**RECORDS FOR THE EXERCISE:**
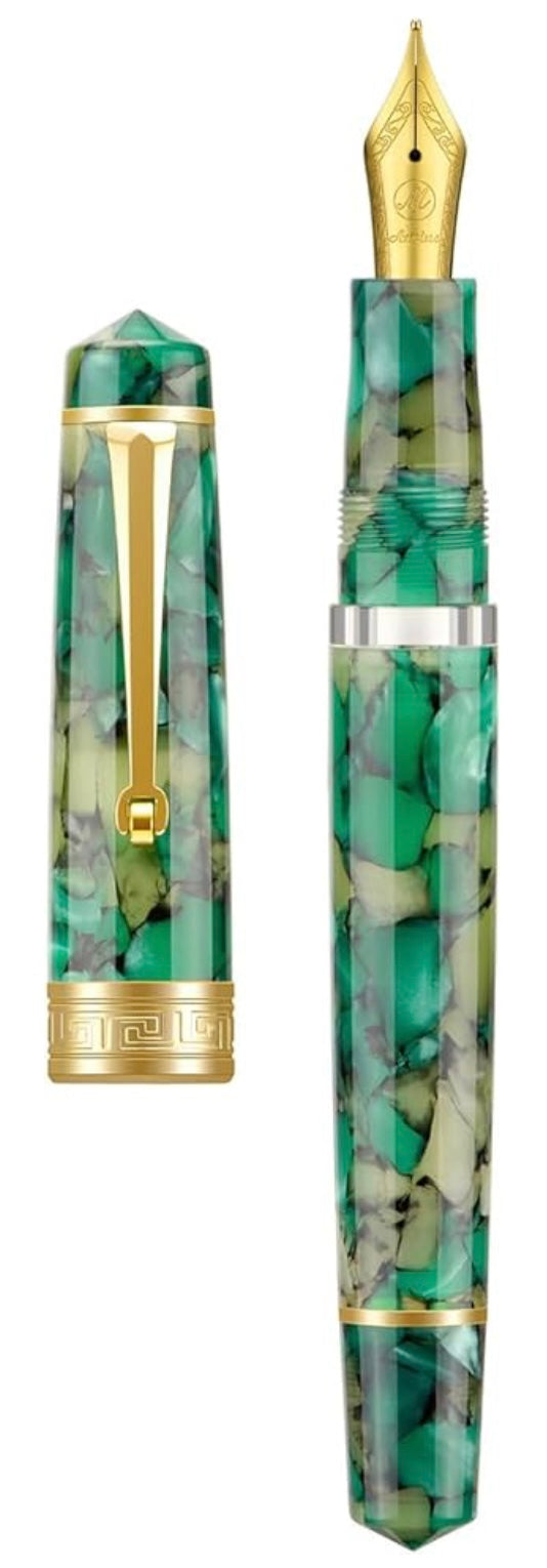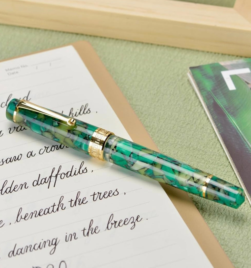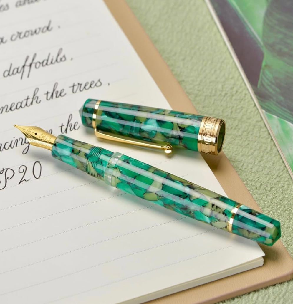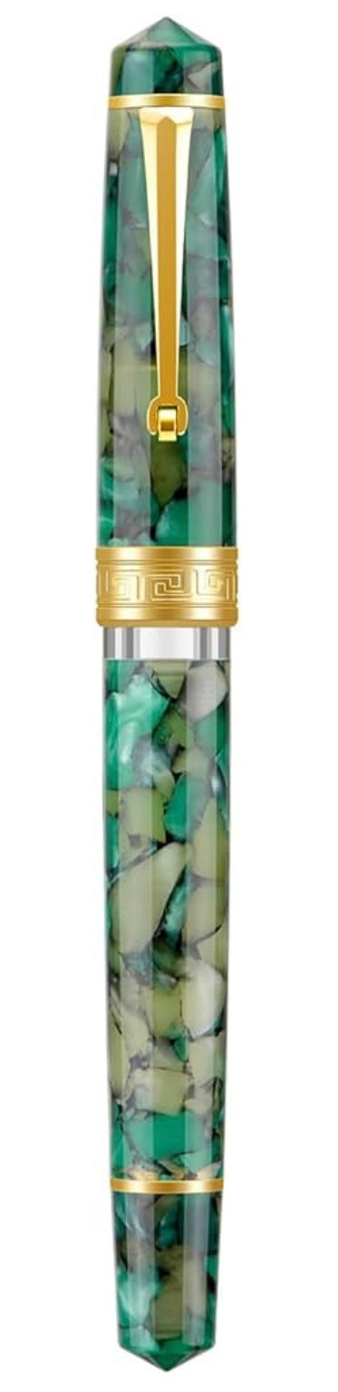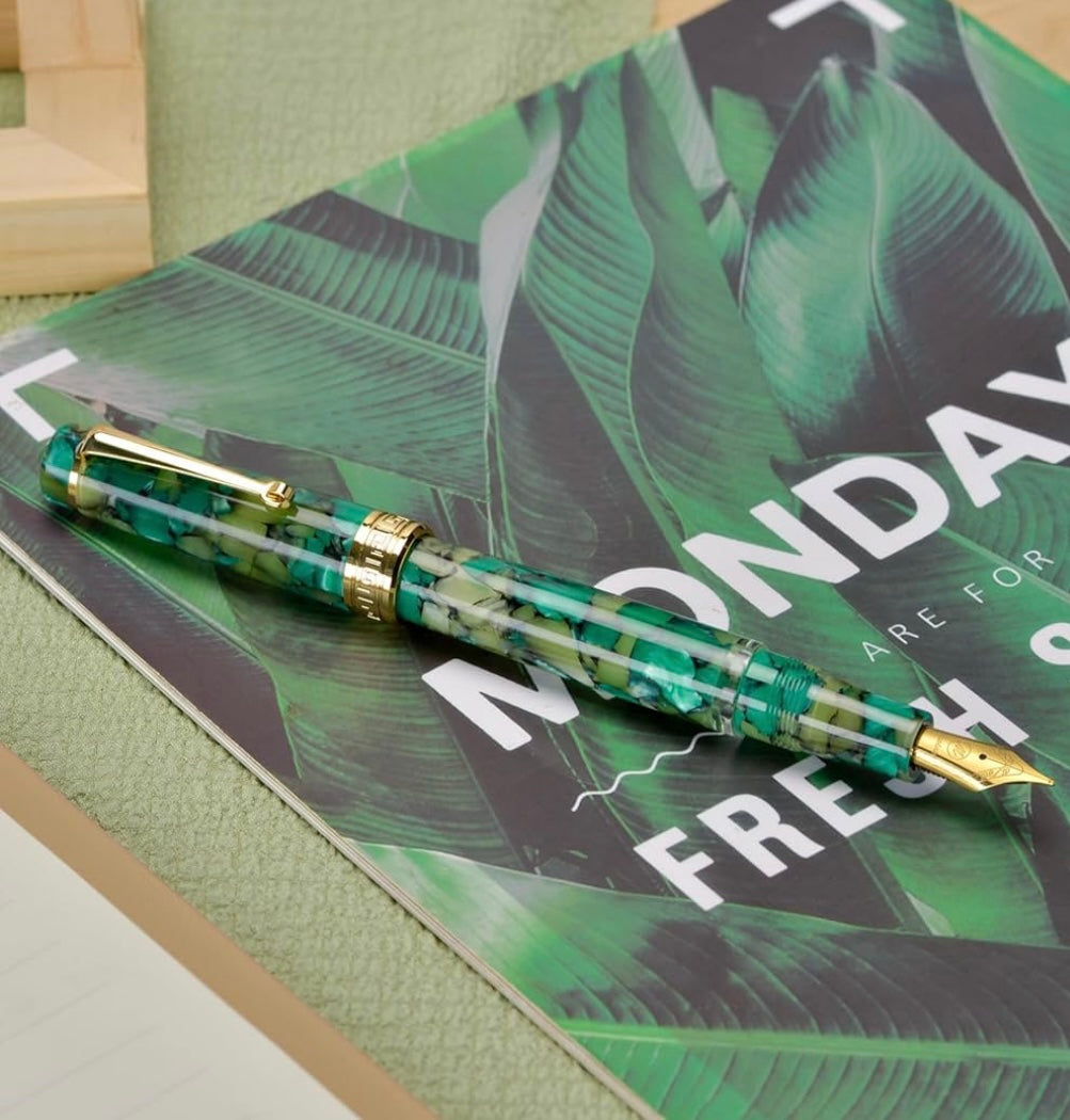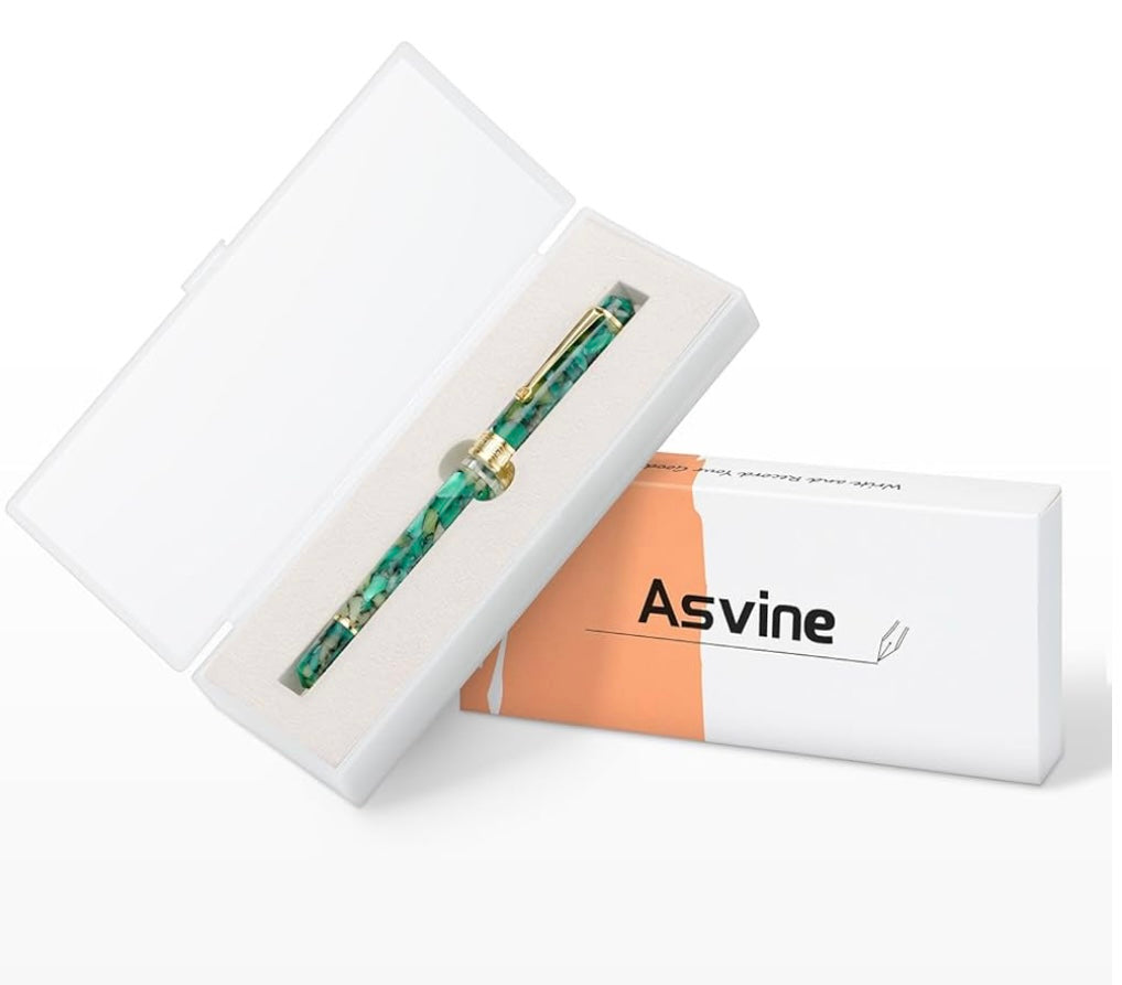 Asvine P20 Piston Fountain Pen Green Marble Acrylic, Medium Nib Gold Trim Smooth Writer Collection with Case Set
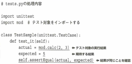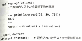 上記を実行すると、doctest.testmod()が、モジュール内の関数のドキュメンテーション文字列を調べま
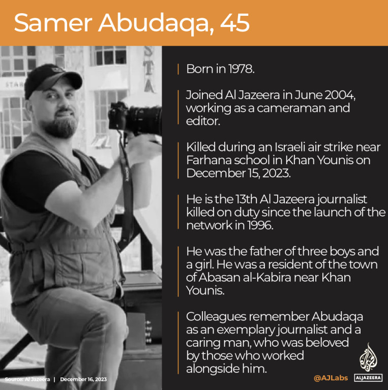 Ο εικονολήπτης του Al Jazeera Samer Abudaqa είναι μεταξύ των 59 και ο τελευταίος Παλαιστίνιος δημοσιογράφος που σκοτώθηκε από το Ισραήλ. Πολλοί άλλοι έχουν τραυματιστεί, συμπεριλαμβανομένου του Wael Dahdouh, επικεφαλής του γραφείου του Al Jazeera στη Γάζα, η οικογένεια του οποίου σκοτώθηκε σε προηγούμενη ισραηλινή επίθεση.
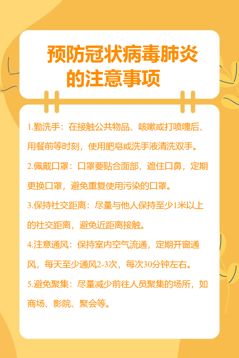 5.避免聚集:尽量减少前往人员聚集的场所,如商场、影院、聚会等,降低感染几率,若必须前往,要做好个人防护措施。
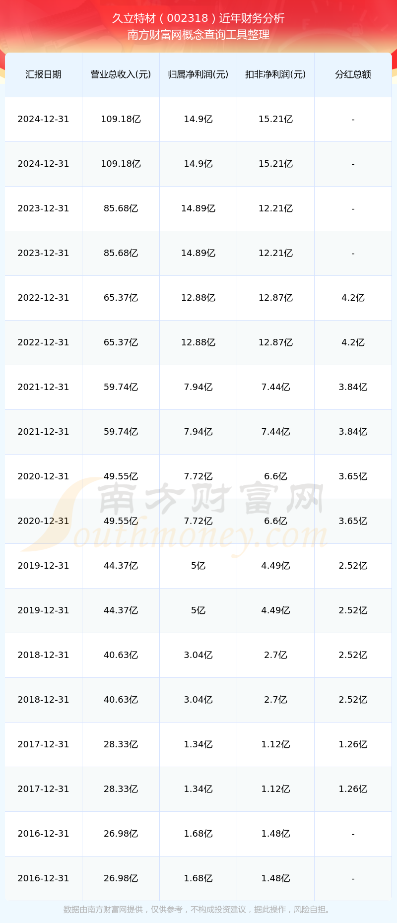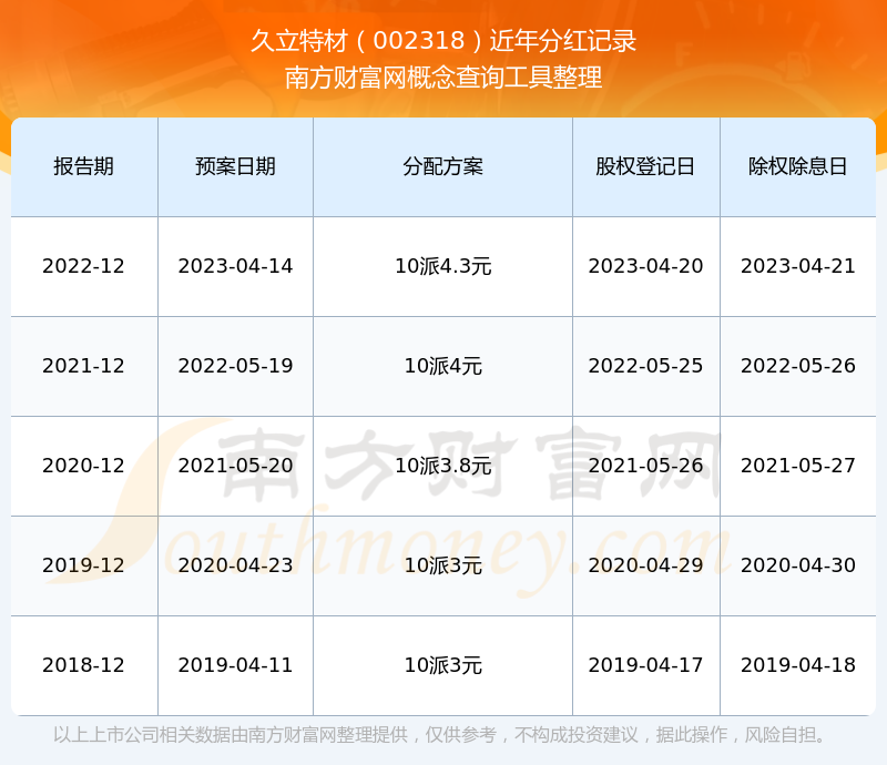 久立特材最新一次公布的分紅方案:10派4.3元。

**TASK REQUIREMENTS:**
Please return every record above exactly, but leave out the pictures.

**ANSWER TO THIS PROBLEM:**
 Asvine P20 Piston Fountain Pen Green Marble Acrylic, Medium Nib Gold Trim Smooth Writer Collection with Case Set
 上記を実行すると、doctest.testmod()が、モジュール内の関数のドキュメンテーション文字列を調べま
 Ο εικονολήπτης του Al Jazeera Samer Abudaqa είναι μεταξύ των 59 και ο τελευταίος Παλαιστίνιος δημοσιογράφος που σκοτώθηκε από το Ισραήλ. Πολλοί άλλοι έχουν τραυματιστεί, συμπεριλαμβανομένου του Wael Dahdouh, επικεφαλής του γραφείου του Al Jazeera στη Γάζα, η οικογένεια του οποίου σκοτώθηκε σε προηγούμενη ισραηλινή επίθεση.
 5.避免聚集:尽量减少前往人员聚集的场所,如商场、影院、聚会等,降低感染几率,若必须前往,要做好个人防护措施。
 久立特材最新一次公布的分紅方案:10派4.3元。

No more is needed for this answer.